W.G. Bill Paul

Personal information
- Full name: William George (Bill) Paul
- Nickname: Bill The Tandem King
- Born: c. 1910 Croydon?
- Died: 29 January 2003

Amateur team
- circa 1930–1939: Addiscombe Cycle Club

= Bill Paul (cyclist) =

English amateur cyclist

William George Paul (1910 – 29 January 2003) was an English amateur cyclist who, with his team-mate 'Ernie' Mills, set the British 12-hour record on a tandem in 1934 and re-established it in 1936 with a 'world's best performance'. In 1937, in Italy, they set the world one-hour tandem record which stood for 63 years until September 2000. The Addiscombe Cycle Club team-mates set 20 world and British records at both short and long distances.

His achievements were celebrated in 1937 when Cycling Weekly jointly awarded him and Ernie Mills their own page in the Golden Book of Cycling.

==Personal life==
Paul lived in the Addiscombe area near Croydon, London.

==Career==
In 1934 Bill Paul was paired with his club team-mate, Ernie Mills, also from the Addiscombe Cycle Club in Croydon. Initially they had been on opposing tandem teams but together they covered over 30 miles in one hour in 1936 and won a 10-minute pursuit race in less than four minutes.

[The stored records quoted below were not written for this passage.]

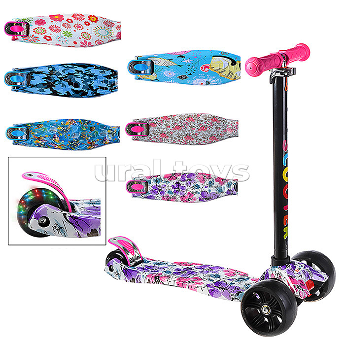 • ВНИМАНИЕ! Уцененный товар обмену и возврату не подлежит. • Самокат трёхколёсный, разборный. • Размеры самоката: 57х28х76 см. • Регулируемая по высоте рулевая стойка: 76, 80, 84 см. • При наклоне рулевой ручки, поворачиваются передние колёса. • Задний ножной тормоз. • Колёса из полиуретана (задние колёса светятся во время движения). • Максимальная нагрузка: 40 кг. • Диаметр передних колёс: 12 см. • Ширина передних колёс: 5 см. • Сдвоенное заднее колесо. • Диаметр заднего колеса: 8 см. • Ширина рулевой ручки: 24 см. • Соответствует требованиям безопасности продукции. • Для детей от 3-х лет. • Класс подшипников: ABEC-7 (608ZZ) • Без амортизатора. • Пластиковая рама. • Основание из алюминия. • Максимальная высота руля: 84 см.
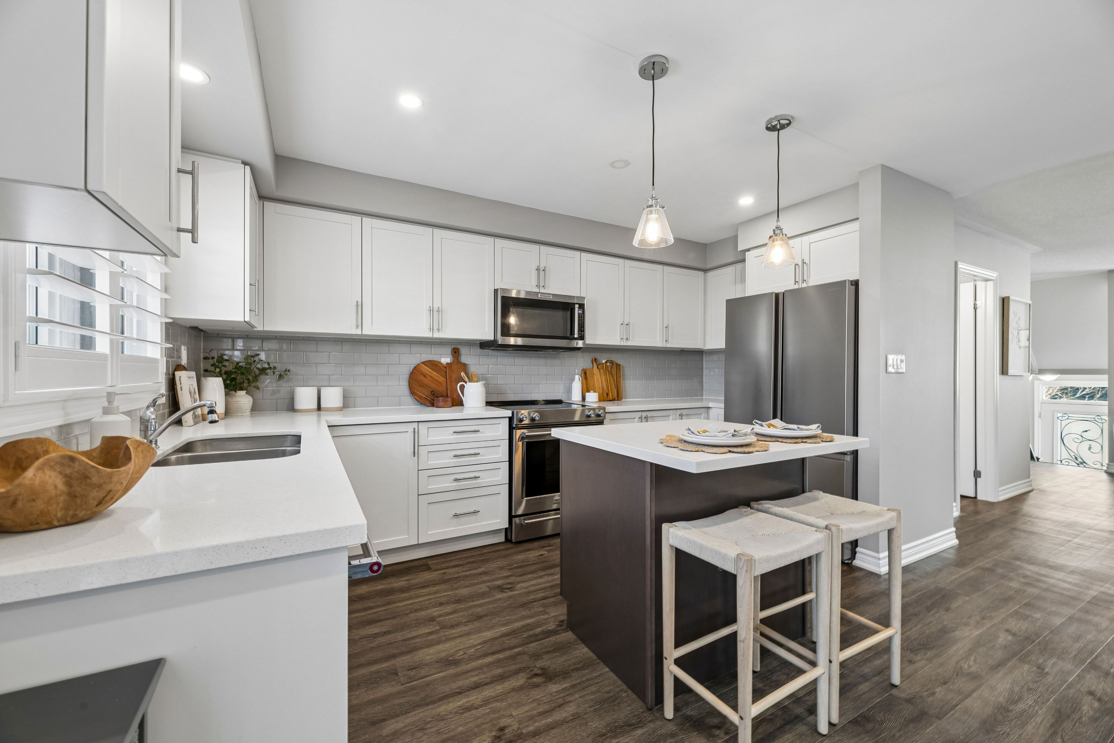 • Modern kitchen with quartz countertops and stainless steel appliances.
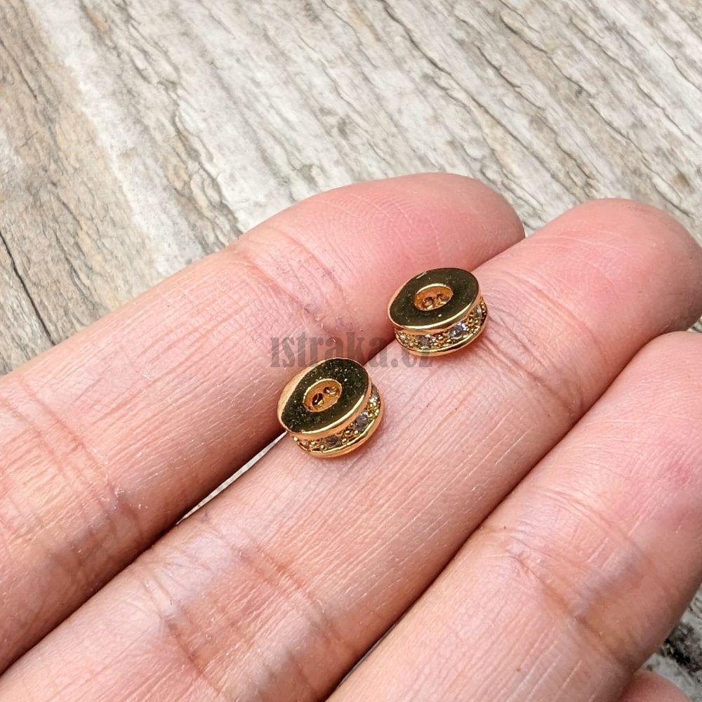 • Rondelka korálka 7x3mm zlatá s bielymi zirkónmi 1
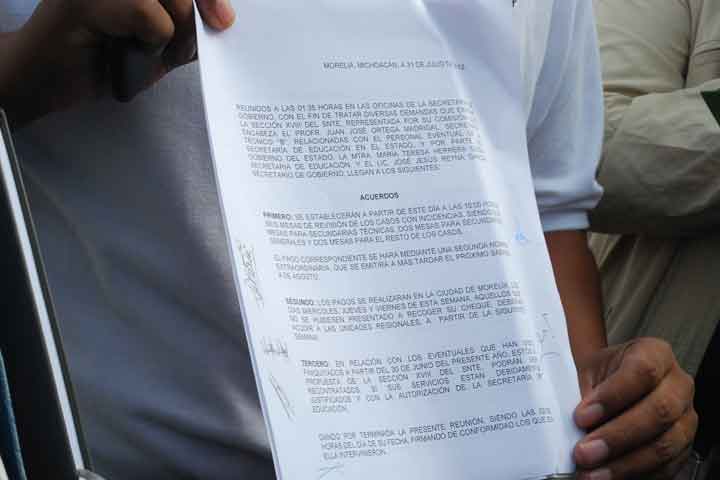 La Coordinadora Nacional de Trabajadores de la Educación (CNTE) anunció los acuerdos a los que se llegaron el día de ayer con la Secretaría de Gobierno en relación al pago de eventuales, los cuales consisten primero en el pago completo y total en un primer paquete de mil 196 trabajadores que cobrarán este miércoles, mientras que para el resto de trabajadores se evalúa la posibilidad del cobro a más tardar el sábado.
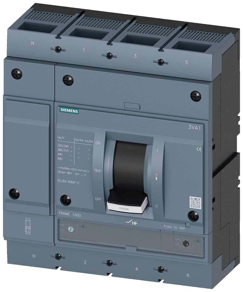 SIEMENS - Interruttore automatico 3VA1 IEC Frame 1000, classe del potere di interruzione M, Icu=55 kA con 415 V 3VA15805EF420AA0
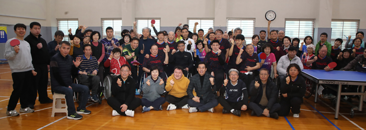 제주도장애인탁구협회(회장 현용대)와 제주시장애인탁구협회(회장 이봉주)는 지난 2일 탐라장애인복지관에서 '제46회 전국장애인체전 성공 개최 및 장애인탁구선수단 선전 기원 어울림탁구대회'를 개최했다.
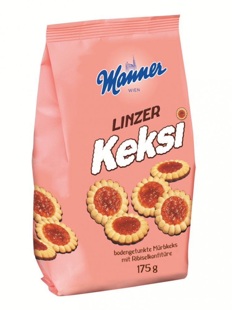Popis: Křehké sušenky plněné rybízovým džemem (14%) a polomáčené v čokoládě (21%). Linecké oplatky jsou vyrobeny z výborného křehkého těsta s náplní marmelády. Jako náplň se odedávna používá jemná, nakyslá rybízová marmeláda, která podle zásad záruky kvality produktů Manner neobsahuje žádná barviva ani aromatické látky.
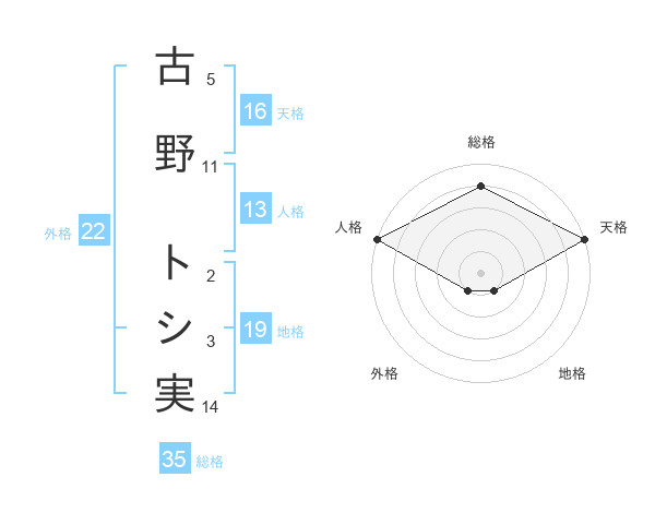 古野 トシ実さんを姓名の画数から五運を鑑定
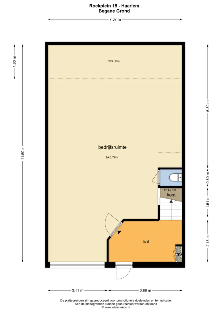 Parterre bedrijfsruimte: voorterrein met eigen parkeerplaats; via centrale entree/hal en via overheaddeur te bereiken bedrijfshal van ca. 11.50 meter diep, inrijbreedte van ca. 3.11 meter en een plafondhoogte van maar liefst 3.79 meter!; toilet en bergkast.
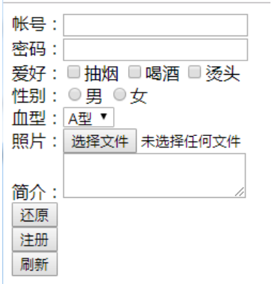 <body> <form action="baidu" method="GET"> <p> 账号: <input type="text" placeholder="请输入账号..." maxlength="5"> </p> <p> 密码: <input type="password"> </p> <p> 爱好: <input type="checkbox" name="hobby" id="1">抽烟 <input type="checkbox" name="hobby" id="1" checked="checked">喝酒 <input type="checkbox" name="hobby" id="1">烫头 <input type="checkbox" name="hobby" id="1">泡脚 </p> <p> 性别: <input type="radio" name="sex"> 男 <input type="radio" name="sex"> 女 </p> <p> 血型: <select name="blood" > <option selected="selected">A型</option> <option>B型</option> <option>AB型</option> <option>O型</option> </select> </p> <P> 照片: <input type="file"> </P> <p> 简介: <textarea rows="10" cols="30"></textarea> </p> <p> <input type="reset" value="还原" > </p> <p> <input type="submit" value="提交" > </p> <p> <input type="button" value="刷新" > </p> </form> <button name="back">返回</button> </body>

Together they set the British 12-hour tandem record in 1934, and, after losing it in 1936 to both G.A.Birtchnell and C.G.Taylor, and later C.C.Melhuish and H.G.Chapman, Mills and Paul then retook the record in September 1936 with a 'world's best performance'.

In 1936 Mills and Paul set a British record for a 30-mile ride on a tandem, covering the distance in 1 hour 5 minutes 3 seconds.

In 1937 Mills and Paul set the 'World Tandem Hour Record', 31.06 miles (49.991 km), at the Velodromo Vigorelli (Velodromo Comunale Vigorelli) track in Milan owned by 'Vigorelli Cycles'. The trip had been funded by readers of Cycling magazine. This record stood until 23 September 2000 at Manchester Velodrome when it was beaten by Simon Keeton and Jon Rickard of Rutland Cycling Club.

As of 2011 Mills and Paul's 1938 100-mile tandem record at Addiscombe Cycle Club of still stands.

==Commemoration==

===The Golden Book===
Mills & Paul's achievements were celebrated in 1937 when Cycling Weekly awarded them their own page in the Golden Book of Cycling.

===Cigarette cards===
In 1939 Mills and Paul's efforts were celebrated nationally when John Player & Sons issued a Cigarette card of them on their tandem. In a series of 50 cards called Cycling 1839-1939, they were featured on card no.45 titled Tandem track position.